● **EXERCISE DETAILS**
Reproduce the entries below exactly, but only from the line containing "Lot of 2. both" to the line containing "Oranžové klipsy Strend", inclusive.

● **DATASET**
---
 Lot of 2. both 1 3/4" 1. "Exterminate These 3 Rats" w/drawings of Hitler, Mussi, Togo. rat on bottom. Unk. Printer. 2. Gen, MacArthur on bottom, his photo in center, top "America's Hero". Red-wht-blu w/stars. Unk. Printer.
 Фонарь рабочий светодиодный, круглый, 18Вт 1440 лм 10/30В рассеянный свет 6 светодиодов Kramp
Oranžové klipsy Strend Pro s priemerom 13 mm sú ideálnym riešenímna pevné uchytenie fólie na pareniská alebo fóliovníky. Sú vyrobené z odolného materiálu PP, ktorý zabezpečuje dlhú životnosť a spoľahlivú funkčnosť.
---
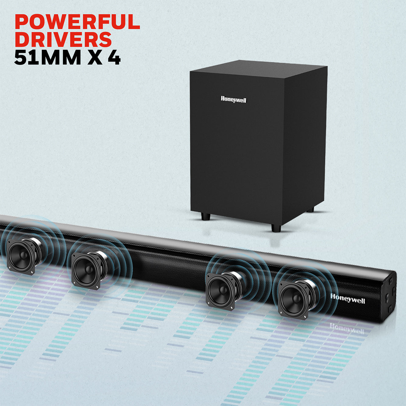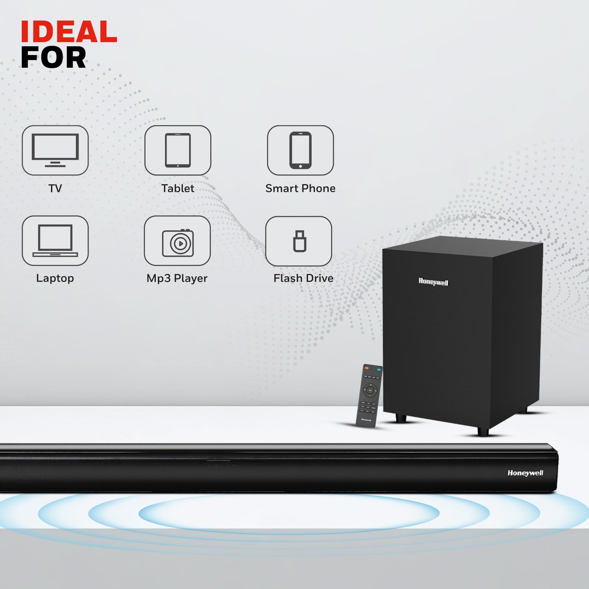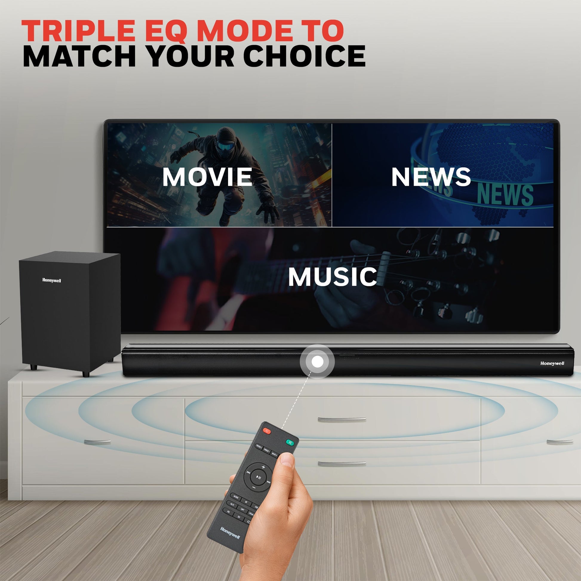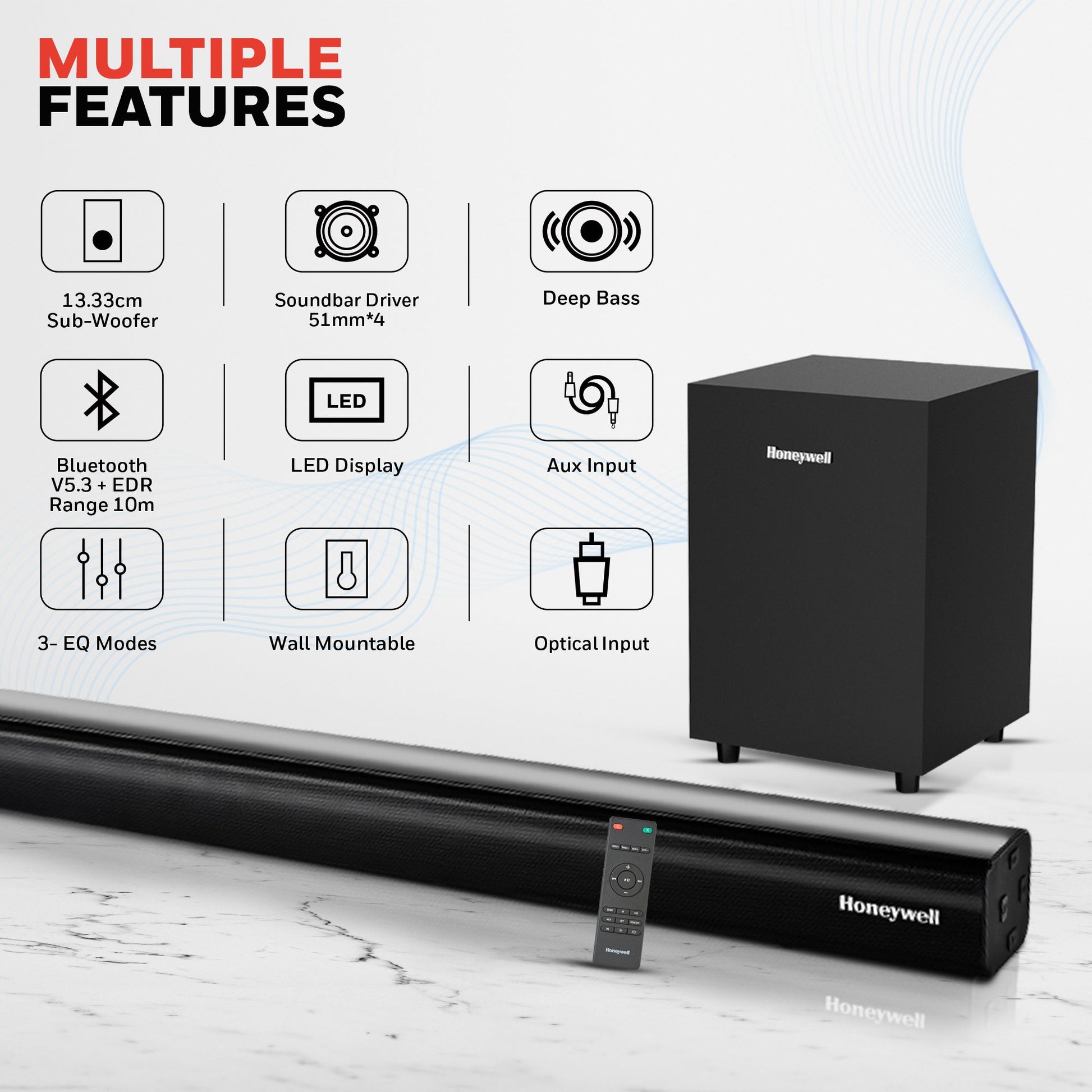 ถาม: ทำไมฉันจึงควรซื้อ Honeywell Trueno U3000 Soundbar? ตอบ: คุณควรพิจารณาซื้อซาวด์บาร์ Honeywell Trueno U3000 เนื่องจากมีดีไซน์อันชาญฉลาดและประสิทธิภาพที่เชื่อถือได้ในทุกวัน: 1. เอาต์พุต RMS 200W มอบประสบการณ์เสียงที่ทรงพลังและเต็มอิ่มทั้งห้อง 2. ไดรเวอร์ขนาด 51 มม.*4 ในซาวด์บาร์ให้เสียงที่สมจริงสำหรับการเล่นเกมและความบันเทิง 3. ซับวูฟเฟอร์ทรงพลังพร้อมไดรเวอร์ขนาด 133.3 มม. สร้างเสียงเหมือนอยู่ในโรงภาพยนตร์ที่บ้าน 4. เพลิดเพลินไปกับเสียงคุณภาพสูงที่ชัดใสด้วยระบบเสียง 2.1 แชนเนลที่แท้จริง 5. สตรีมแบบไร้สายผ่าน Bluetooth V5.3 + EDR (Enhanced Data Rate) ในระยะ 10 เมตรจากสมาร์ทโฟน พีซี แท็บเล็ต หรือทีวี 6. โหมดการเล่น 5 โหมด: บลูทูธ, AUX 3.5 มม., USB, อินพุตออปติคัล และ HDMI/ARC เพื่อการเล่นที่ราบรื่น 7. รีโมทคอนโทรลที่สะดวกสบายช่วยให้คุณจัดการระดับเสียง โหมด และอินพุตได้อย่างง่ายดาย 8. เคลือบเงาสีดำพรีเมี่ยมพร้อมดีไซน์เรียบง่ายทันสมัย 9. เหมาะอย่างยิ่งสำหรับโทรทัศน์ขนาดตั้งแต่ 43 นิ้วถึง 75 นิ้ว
---
● **EXERCISE OUTPUT**
 Lot of 2. both 1 3/4" 1. "Exterminate These 3 Rats" w/drawings of Hitler, Mussi, Togo. rat on bottom. Unk. Printer. 2. Gen, MacArthur on bottom, his photo in center, top "America's Hero". Red-wht-blu w/stars. Unk. Printer.
 Фонарь рабочий светодиодный, круглый, 18Вт 1440 лм 10/30В рассеянный свет 6 светодиодов Kramp
Oranžové klipsy Strend Pro s priemerom 13 mm sú ideálnym riešenímna pevné uchytenie fólie na pareniská alebo fóliovníky. Sú vyrobené z odolného materiálu PP, ktorý zabezpečuje dlhú životnosť a spoľahlivú funkčnosť.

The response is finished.